Abstract
The genome editing is a type of genetic engineering in which the DNA is inserted, removed or replaced in the genome of an organism using specific enzymes (nucleases) or "molecular scissors". The development of new editing tools of DNA very efficient , such as CRISPR (clustered regularly interspaced short palindromic repeats)/Cas9 system allows editing genes quickly, cheaply and accurately. CRISPR is a platform for genome editing using a protein of bacterial origin (Case 9) and a guide RNA that allows integration and the integration into a specific site in the genome with the help of homologous recombination in the cells cells. (Thomas et al. 1986; Thomas and Capecchi 1986).

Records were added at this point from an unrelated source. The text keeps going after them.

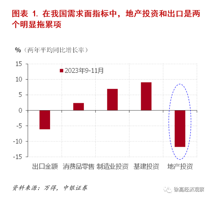 至于五常先生讲的房地产低迷抑制消费的逻辑,在中国经济现实中虽然成立,却不是经济下行压力的主要来源。当前,地产低迷给中国经济带来的直接压力,远大于抑制消费带来的间接影响。过去两年,中国地产投资金额年平均下降10%还多,是中国内需的最大拖累。相比之下,反映中国消费的社会消费品零售总额,仍保持了正增长。这两年来,中国消费虽然说不上有多强,但绝不是经济下行压力的主要来源。因此,当前稳增长的关键在于稳地产投资,而非刺激消费。事实上,中国地产行业如果能显著改善,消费将随经济预期的修复而相应改善。(图表1)
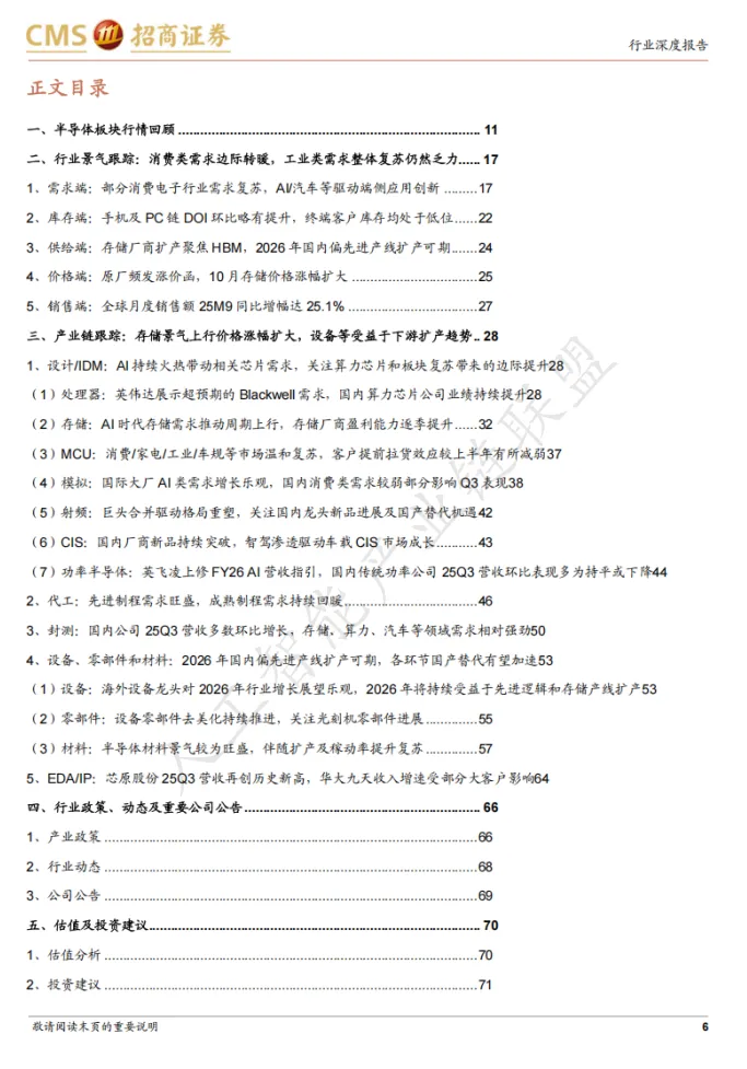 结语:这份招商证券的深度报告为我们勾勒出一幅清晰的半导体产业图景——AI革命正在重塑行业格局,存储芯片引领新一轮景气周期,国产替代进入深水区。对于投资者而言,把握算力、存储、设备材料三大主线,关注具有核心技术壁垒和产能扩张能力的龙头公司,将是分享这一轮半导体产业红利的关键。
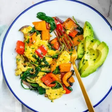 Vous voulez manger plus de légumes ? Préparez ce petit-déjeuner aux légumes brouillés ! Il contient beaucoup de légumes colorés pour bien commencer la journée… avec une option à base de plantes/végétalienne.
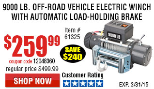 9000 LB. ELECTRIC WINCH WITH REMOTE CONTROL AND AUTOMATIC BRAKE Lot No. 61346/61325/62596/62278/68143 Expired: 9/22/15 - $259.99 Coupon Code: '11884215'
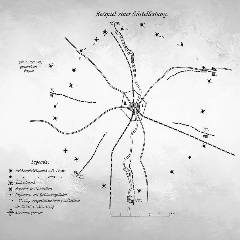 Quelle: Artillerieunterricht für die k. u. k. Festungsartillerie, VI. Teil Einrichtung der beständigen Befestigungen. Kuk-Hof- und Staatsdruckerei, 1914
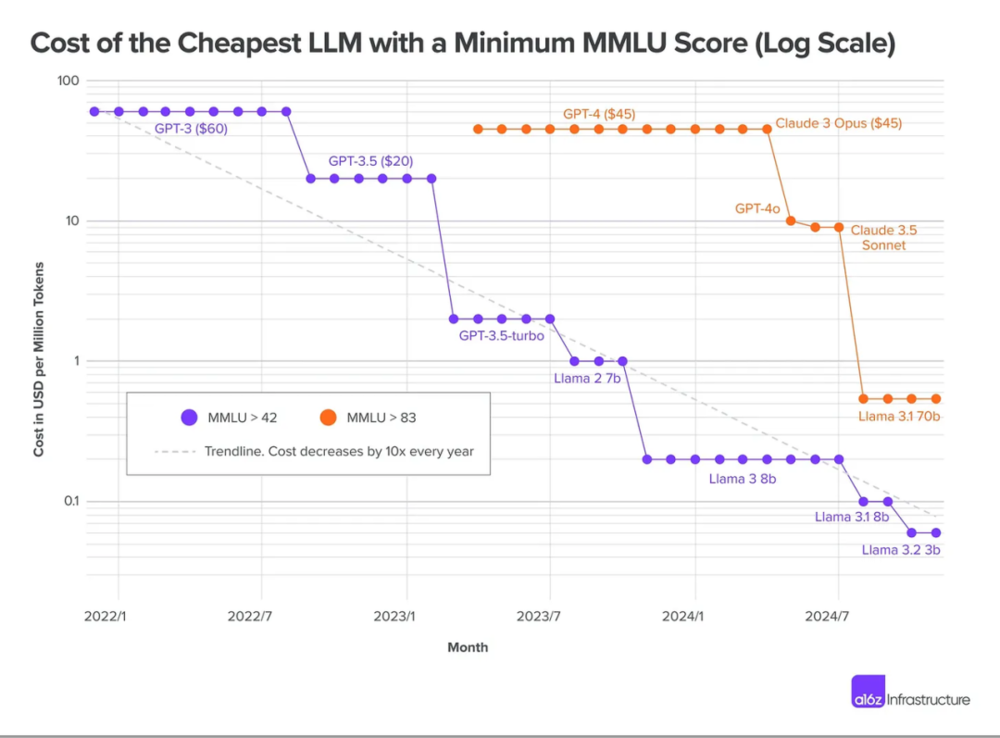 连 a16z 都在说,大语言模型(LLM)成本正以每年 10 倍的速度下降。
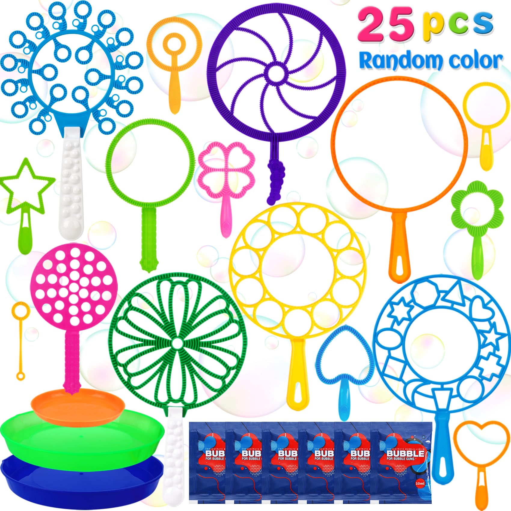 25PCS Big Bubble Wands Set, Giant Bubble Wands Toys Bulk with Tray Bubble Solution Funny Bubbles Maker for Kids Adults Summer Outdoor Activities Game Birthday Gifts Bubble Party Favors Product Specification: Package: 6* large bubble wands 2* medium bubble wands 8* small bubble wands 3* bubble trays 6* bubble concentrate solution Color: Multi-color bubble wands Material: Plastic Easy to Play: Dip a bubble stick of different sizes into the bubble solution, gently blow or wave it on air to create bubbles of different sizes. For All Ages: With bright colors and different sizes, kids and adults can enjoy the funny bubble time.
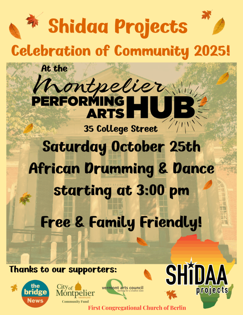Shidaa Projects brings its annual Celebration of Community to a new location this October, the Montpelier Performing Arts Hub! Come share in the joy of West African Drumming and Dance starting at 3:00 pm. We will have light refreshments by donation, and the HUB will be selling beverages.
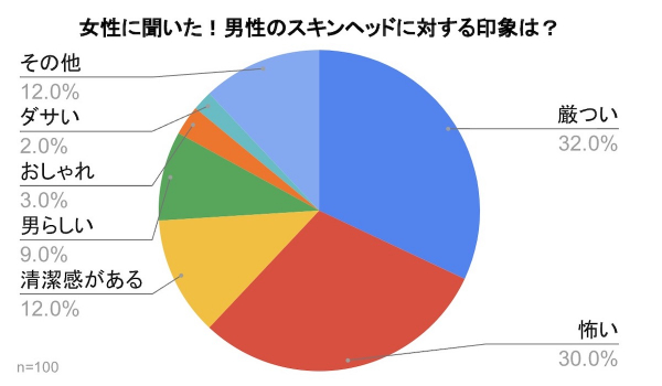 「スキンヘッドの男性に対する印象を教えてください。」の質問では、『厳つい』が32%、『怖い』が30%、『清潔感がある』が12%、『男らしい』が9%、『おしゃれ』が3%、『ダサい』が2%、『その他』が12%となり、厳つい、怖いという印象が多数を占める結果となりました。
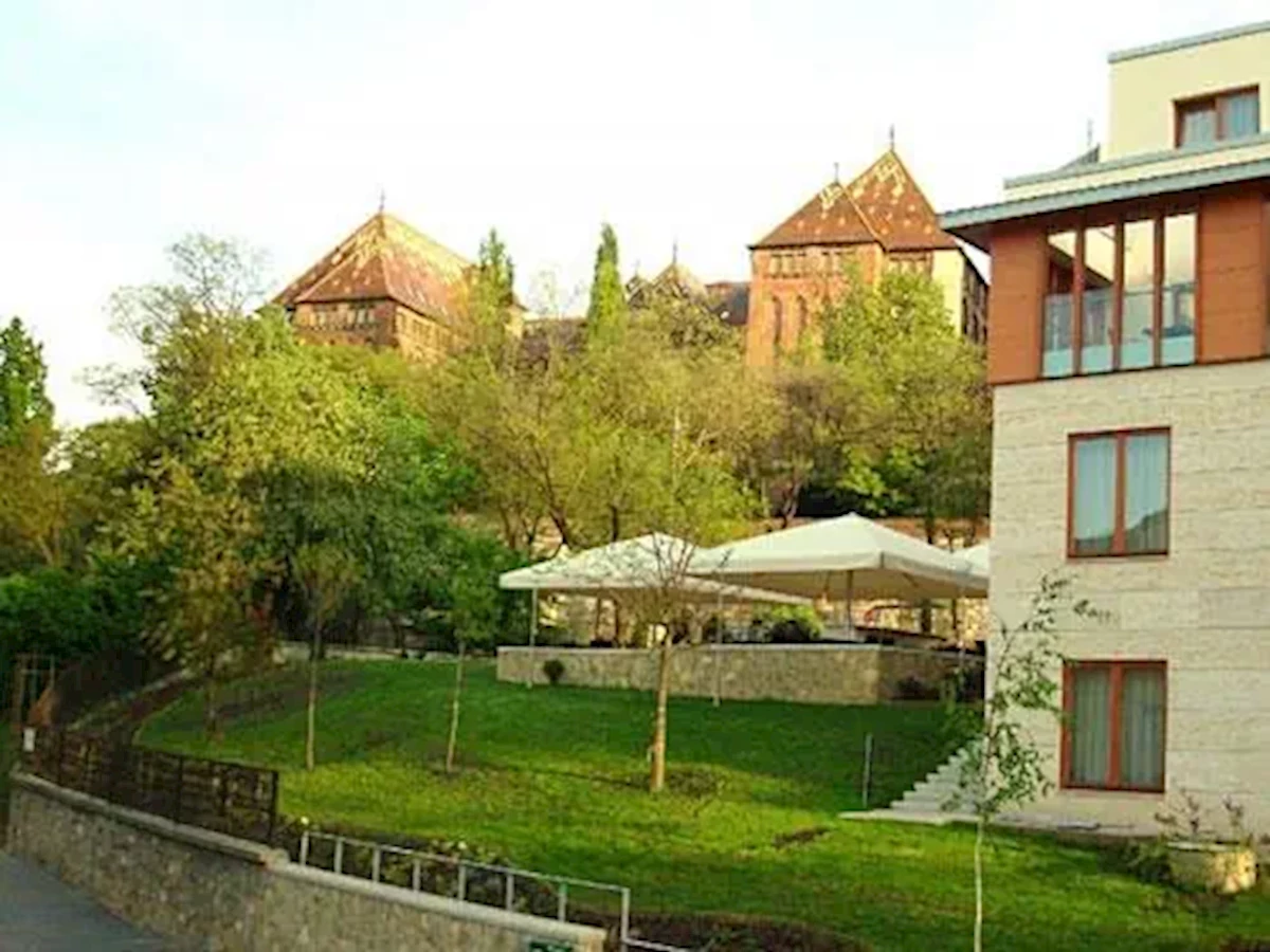 Hotel Castle Garden znajduje się w Budapeszcie, w spokojnej okolicy na Wzgórzu Zamkowym, zaledwie 300 m od Zamku Królewskiego. Centrum miasta oddalone jest o około 2 km, a najbliższa stacja metra Széll Kálmán tér (M2) znajduje się 600 m od hotelu, co zapewnia szybki dostęp do innych części miasta. Do słynnego Mostu Łańcuchowego można dotrzeć pieszo w około 15 minut (ok. 1,2 km). Dworzec kolejowy Keleti jest oddalony o 4 km, a lotnisko Budapest Liszt Ferenc (BUD) znajduje się w odległości około 23 km. W pobliżu hotelu znajdują się liczne restauracje, kawiarnie i atrakcje turystyczne, w tym Baszta Rybacka (1 km) i Parlament (2,5 km).Wyposażenie:

Until recently, the issue of DNA was not available to modify germ line cells and human embryonic. The current possibility of creating permanent changes in the DNA of gametes and embryos has been received by the scientific community in various ways, ranging from calls for ban on modifying human germ line to approval cautious research in this area. Meanwhile, the first publications have appeared attempts to edit genes in human embryos (Liang et al. 2015) (Kang et al, 2016), igniting further debate.
Keywords
Genomics edition; CRISPR technology; Human germ line
Bibliographic citation
Vassena R, Veiga A. Edició del genoma mitjançant CRISPR/Cas 9. Butll Bioet. 2016;19.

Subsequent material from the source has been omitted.